GIVEN INFORMATION:
========================================================================
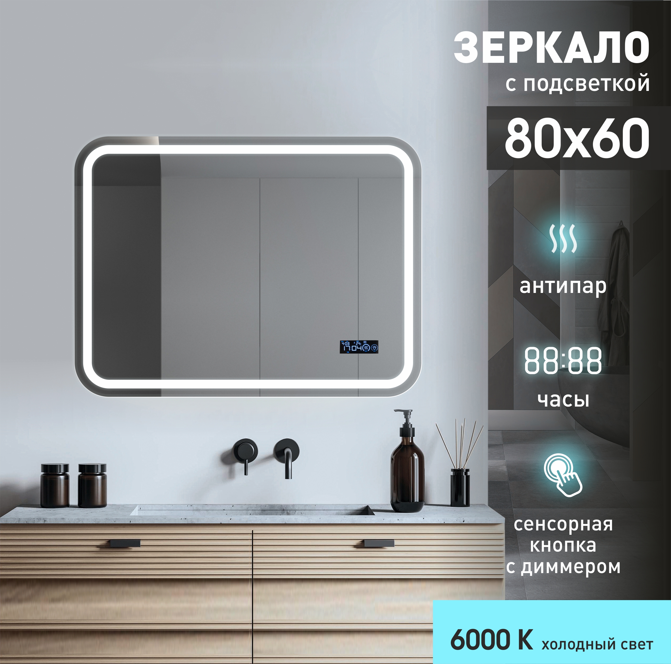 Зеркало с подсветкой, с сенсорной кнопкой, часами, датой, подогревом, датчиком т
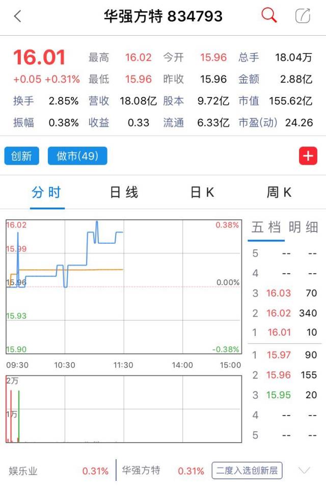 华强方特今日开盘后成交不断,在短短半个小时内成交额达到2.87亿,截止午间收盘,股价为16.01元,上涨0.05元,涨幅0.21%。公司有49家做市商,位于创新层历史交易较为频繁。
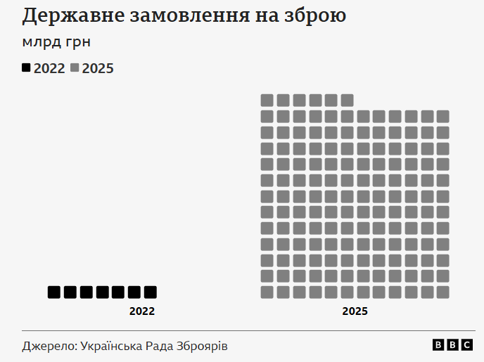 Це стало можливим завдяки збільшенню державного замовлення: з 70 млрд грн у 2022 році до 1,5 трлн грн у 2025-му, заявив ВВС News Україна виконавчий директор Української ради зброярів (УРЗ) Ігор Федірко.
========================================================================
EXERCISE GOAL:
A verbatim copy of the data, pictures removed, is the expected result.

PROBLEM SOLUTION:
 Зеркало с подсветкой, с сенсорной кнопкой, часами, датой, подогревом, датчиком т
 华强方特今日开盘后成交不断,在短短半个小时内成交额达到2.87亿,截止午间收盘,股价为16.01元,上涨0.05元,涨幅0.21%。公司有49家做市商,位于创新层历史交易较为频繁。
 Це стало можливим завдяки збільшенню державного замовлення: з 70 млрд грн у 2022 році до 1,5 трлн грн у 2025-му, заявив ВВС News Україна виконавчий директор Української ради зброярів (УРЗ) Ігор Федірко.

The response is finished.